◆ RECORD EXCERPTS ◆
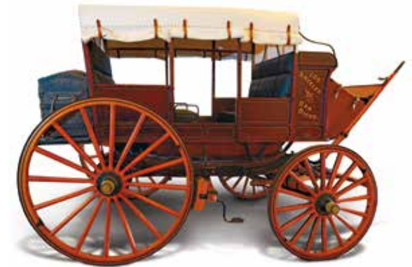
Reproducción de diligencia de la línea Seeley en el Museo de Establos Seeley

La disminución de la presencia militar y la pérdida del negocio relacionado con la minería de oro pronto convirtieron a San Diego en una pequeña comunidad insular. En el censo de los
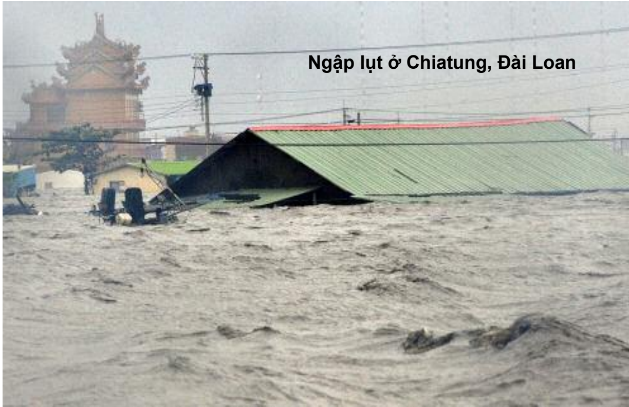
Ngập lụt ở Chiutung, Đài Loan
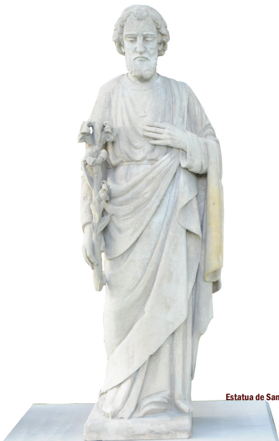
Estatua de San José en Saint Joseph Villa, Salt lake City - Utah

http://www.vatican.va/content/francesco/es/apost_letters/documents/papa-francesco-lettera-ap_20201208_patris-corde.html
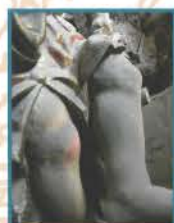
Acumulación de polvo en la superficie.
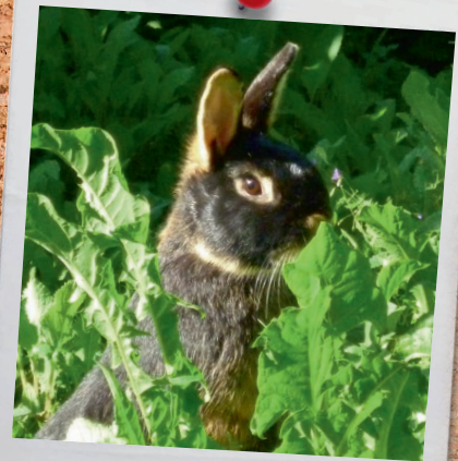
Frohe und gesegnete Ostern!

... der Weisse Sonntag seit 2000 auch als Fest der Barmherzigkeit Gottes begangen wird? Es ist der Sonntag nach Ostern und mit ihm endet die Osteroktav – jene acht Tage, die alle als Hochfest und mit Gloria in der Messe und Te Deum im Stundengebet begangen werden. Viele Kinder feiern an diesem Sonn- tag ihre Erstkommunion .
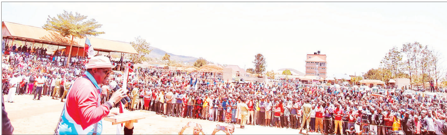
Mgombea wa Urais kupitia CHADEMA, Tundu Lissu, akihutubia mkutano wa kampeni katika viwanja vya Raha, Wilaya ya Babati, mkoani Manyara jana.
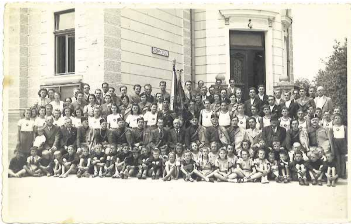
Vsi domžalski sokoli na enem posnetku iz leta 1940; to je zadnji posnetek članstva pred letom 1944, ko je bil 6. avgusta Sokolski dom požgan. Fotografijo objavljamo zato, ker na fasadi doma lahko opazite manjšo tablo z napisom Zvočni kino Domžale.

Sklenjeno je bilo tudi, da se bodo kino predstave v Sokolskem domu začele 7. ali 8. avgusta 1927; pač glede na to, da so dela s kinom končana.
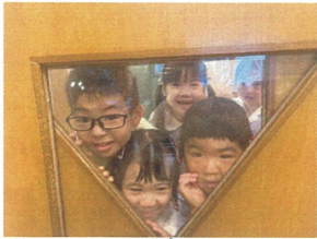
年中の鍵盤ハーモニカを 廣下から見学中♡
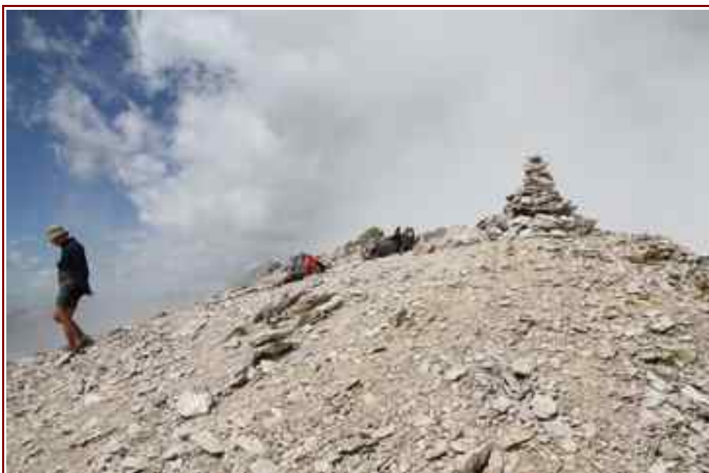
Photo du haut, la Statue de la Sainte Vierge juste avant le sommet, et ci-contre le cairn du sommet.
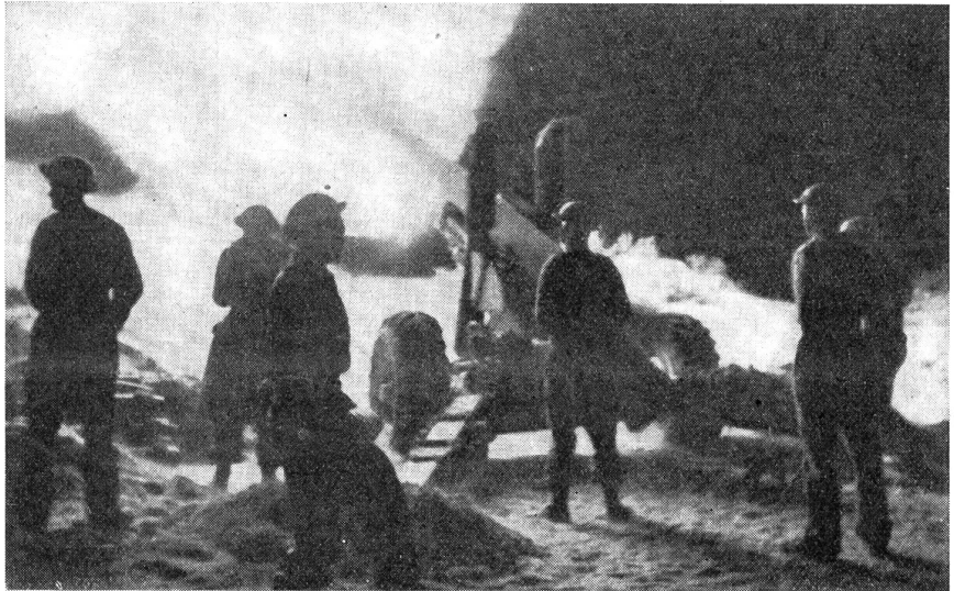
Der Krieg in Tunesien. Mittleres englisches Geschütz im nächtlichen Feuergefecht auf deutsche Verteidigungsstellungen.
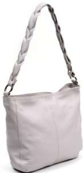
42487 Borsa Braid in pelle glicine, cm 35x33x85, conf 1
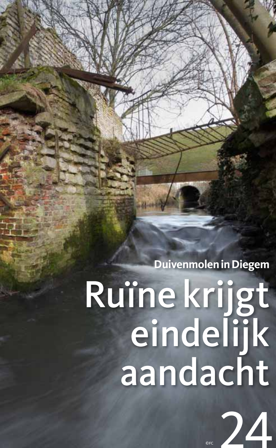
Duivenmolen in Diegem
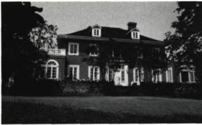
9. Maison Jean-Roch Rolland, à Saint-Mathias, v. 1830.
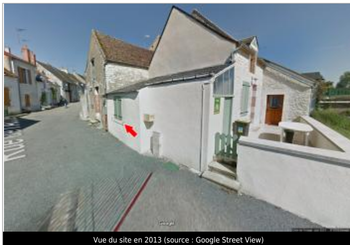
Vue du site en 2013
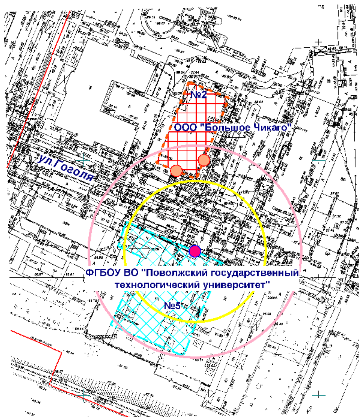
Схема границ прилегающих территорий
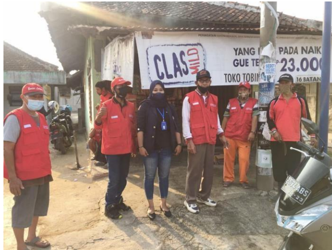
Gambar 2.9 Kegiatan Razia Masker bersama Satgas Covid-19
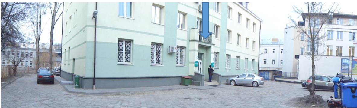
Wjazd na podwórkę od ul. Przejazd
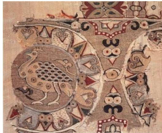
Franja de los pavos reales o del Pirineo Guarnición decorativa realizada con la técnica del tapiz. S. X. Museo: Instituto Valencia de Don Juan
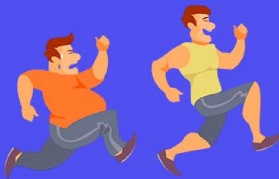
Низкая физическая активность
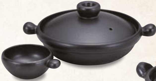
668-101-812 9,500円 厚口9.0鍋(黒) (34×28×16) 564130781 668-102-812 5,500円 厚口7.0鍋(黒) (28×22×13) 564130881 668-103-812 1,400円 耐熱小鉢(黒) (15×12×5.5) 564130981
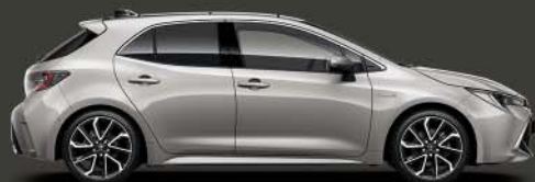
1J6 Precious Silver 5
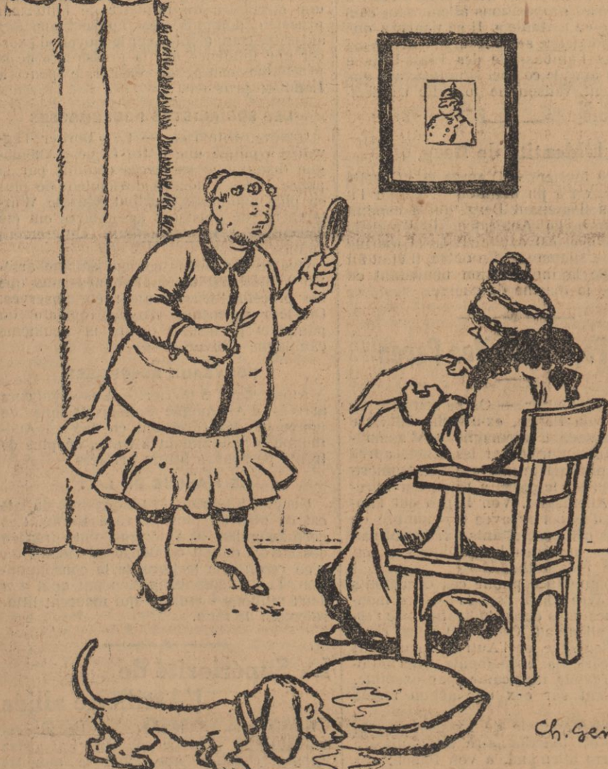
— Si ça continue, je me feras rasé. — Bonne précaution, Dorothee... Bienôt, notre empereur mobilisera les femmes à barbe !
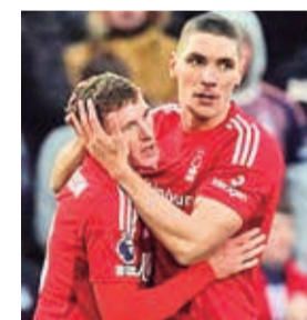
Celebración de los jugadores de Nottingham Forest.

◆ DIRECTIONS ◆
Print the material again, unchanged, without its pictures.

◆ EXERCISE OUTPUT ◆
Reproducción de diligencia de la línea Seeley en el Museo de Establos Seeley

La disminución de la presencia militar y la pérdida del negocio relacionado con la minería de oro pronto convirtieron a San Diego en una pequeña comunidad insular. En el censo de los
Ngập lụt ở Chiutung, Đài Loan
Estatua de San José en Saint Joseph Villa, Salt lake City - Utah

http://www.vatican.va/content/francesco/es/apost_letters/documents/papa-francesco-lettera-ap_20201208_patris-corde.html
Acumulación de polvo en la superficie.
Frohe und gesegnete Ostern!

... der Weisse Sonntag seit 2000 auch als Fest der Barmherzigkeit Gottes begangen wird? Es ist der Sonntag nach Ostern und mit ihm endet die Osteroktav – jene acht Tage, die alle als Hochfest und mit Gloria in der Messe und Te Deum im Stundengebet begangen werden. Viele Kinder feiern an diesem Sonn- tag ihre Erstkommunion .
Mgombea wa Urais kupitia CHADEMA, Tundu Lissu, akihutubia mkutano wa kampeni katika viwanja vya Raha, Wilaya ya Babati, mkoani Manyara jana.
Vsi domžalski sokoli na enem posnetku iz leta 1940; to je zadnji posnetek članstva pred letom 1944, ko je bil 6. avgusta Sokolski dom požgan. Fotografijo objavljamo zato, ker na fasadi doma lahko opazite manjšo tablo z napisom Zvočni kino Domžale.

Sklenjeno je bilo tudi, da se bodo kino predstave v Sokolskem domu začele 7. ali 8. avgusta 1927; pač glede na to, da so dela s kinom končana.
年中の鍵盤ハーモニカを 廣下から見学中♡
Photo du haut, la Statue de la Sainte Vierge juste avant le sommet, et ci-contre le cairn du sommet.
Der Krieg in Tunesien. Mittleres englisches Geschütz im nächtlichen Feuergefecht auf deutsche Verteidigungsstellungen.
42487 Borsa Braid in pelle glicine, cm 35x33x85, conf 1
Duivenmolen in Diegem
9. Maison Jean-Roch Rolland, à Saint-Mathias, v. 1830.
Vue du site en 2013
Схема границ прилегающих территорий
Gambar 2.9 Kegiatan Razia Masker bersama Satgas Covid-19
Wjazd na podwórkę od ul. Przejazd
Franja de los pavos reales o del Pirineo Guarnición decorativa realizada con la técnica del tapiz. S. X. Museo: Instituto Valencia de Don Juan
Низкая физическая активность
668-101-812 9,500円 厚口9.0鍋(黒) (34×28×16) 564130781 668-102-812 5,500円 厚口7.0鍋(黒) (28×22×13) 564130881 668-103-812 1,400円 耐熱小鉢(黒) (15×12×5.5) 564130981
1J6 Precious Silver 5
— Si ça continue, je me feras rasé. — Bonne précaution, Dorothee... Bienôt, notre empereur mobilisera les femmes à barbe !
Celebración de los jugadores de Nottingham Forest.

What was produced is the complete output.